Aufatmen nach dem Richterspruch zur Erbschaftsteuer

Hot-Finanz-NewsPaukenschlag zum Jahresende: Das Bundesverfassungsgericht wertet die massiven Steuerprivilegien für Firmenerben als Verstoß gegen das Grundgesetz. Steuerexperten und Wirtschaftsvertreter sind dennoch erleichtert.

Vorweihnachtliche Spendierlaune sieht anders aus, aber für die deutschen Unternehmen hätte es schlimmer kommen können. Der Erste Senat des Bundesverfassungsgerichts hat Teile des Erbschaftsteuer- und Schenkungssteuergesetzes (ErbStG) für verfassungswidrig erklärt. Die bisherigen Vorschriften dürfen zunächst weiter angewendet werden, doch bis 30. Juni 2016 muss der Gesetzgeber eine Neuregelung treffen.
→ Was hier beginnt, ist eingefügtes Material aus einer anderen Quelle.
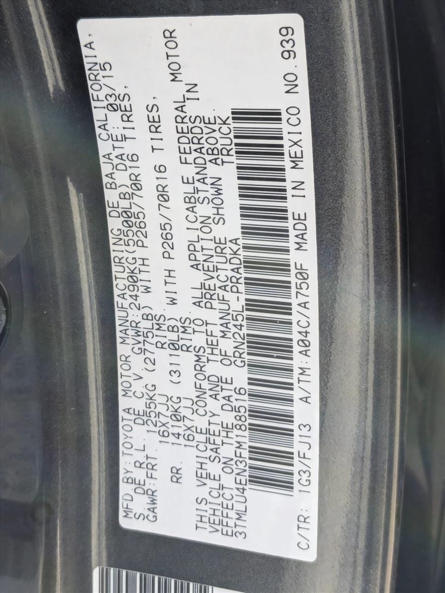 AutoNation USA Albuquerque is excited to offer this 2015 Toyota Tacoma . At home in the country and in the city, this 2015 4WD Toyota Tacoma has been wonderfully refined to handle any occasion. Smooth steering, superior acceleration and a supple ride are just a few of its qualities. The Tacoma has been lightly driven and there is little to no wear and tear on this vehicle. The care taken on this pre-owned vehicle is reflective of the 129,812mi put on this Toyota. Based on the superb condition of this vehicle, along with the options and color, this Toyota Tacoma is sure to sell fast. More information about the 2015 Toyota Tacoma: Spanning the range from basic work truck to well-equipped off-road or sport truck, the Toyota Tacoma gives truck enthusiasts what they need or want, without having to get a full-size pickup. Compared to full-size trucks, the Tacoma is more maneuverable and can be parked in places a full-size truck never could. With the 4-cylinder engine, the Tacoma is one of the most fuel-efficient pickups available. In Pre-Runner or rugged off-road forms, it's a good-looking sport truck serving a specialized task. While the interiors of Tacoma models are not particularly luxurious, Toyota has equipped the trucks with the latest in sound systems and infotainment. Strengths of this model include wide range of models, Gas mileage with 4-cylinder engine, affordability, and parking ease and maneuverability

Die bisherige Privilegierung betrieblichen Vermögens sei „unverhältnismäßig“, so die Verfassungsrichter. Allerdings gestanden sie dem Gesetzgeber zu, kleine und mittlere Unternehmen, „die in personaler Verantwortung geführt werden“, steuerlich zu begünstigen, um Arbeitsplätze zu erhalten. „Kleine und mittlere Unternehmen können nach der Entscheidung aufatmen, denn die Verfassungsrichter halten eine steuerliche Privilegierung grundsätzlich für zulässig – sogar bis zu 100 Prozent“, sagt Guido Holler, Fachanwalt für Erb-und Steuerrecht in der Kanzlei Tigges. „Für kleine Betriebe wird sich künftig wohl wenig ändern, größere Unternehmen müssen sich allerdings auf höhere Steuerzahlungen einstellen.“

Auch Thomas Koblenzer, Fachanwalt für Steuerrecht und Inhaber der Düsseldorfer Kanzlei Koblenzer zeigt sich von dem Urteil angenehm überrascht: „Es ist nicht so schlimm gekommen, wie befürchtet“, sagt er. „Nach der mündlichen Verhandlung konnte man mit viel weitreichenderen Änderungen rechnen.“ Von der Regierung erwartet er nun keine umfassende Reform, sondern eher ein „Reförmchen“. Änderungen sieht er vor allem für mittelständische Familienkonzerne wie etwa Haniel oder Henkel.

Konkret stoßen sich die Verfassungsrichter an den Paragraphen 13a und 13b sowie 19 Abs. 1 des Erbschaftsteuer- und Schenkungsteuergesetzes (ErbStG). Die Verschonungsregelung als solche sei im Grundsatz mit dem im Grundgesetz festgeschriebenen allgemeinen Gleichheitssatz vereinbar. Sie bedürfe beim Übergang großer Unternehmensvermögen aber der Korrektur, denn sie sei „in Teilen ihrer Ausgestaltung“ verfassungswidrig.

Heute bleibt Betriebsvermögen häufig komplett oder zumindest zu 85 Prozent von der Erbschaftsteuer verschont. Die Bedingung: Wenn der Betrieb fünf Jahre lang fortgeführt wird und die Lohnsumme in dem Zeitraum weitgehend stabil bleibt, werden schrittweise 85 Prozent der Steuerschuld erlassen. Wenn der Erbe das Unternehmen sieben Jahre hält, muss er am Ende gar keine Erbschaftsteuer zahlen. Die Lohnklausel müssen allerdings nur Unternehmen erfüllen, die mehr als 20 Beschäftigte haben.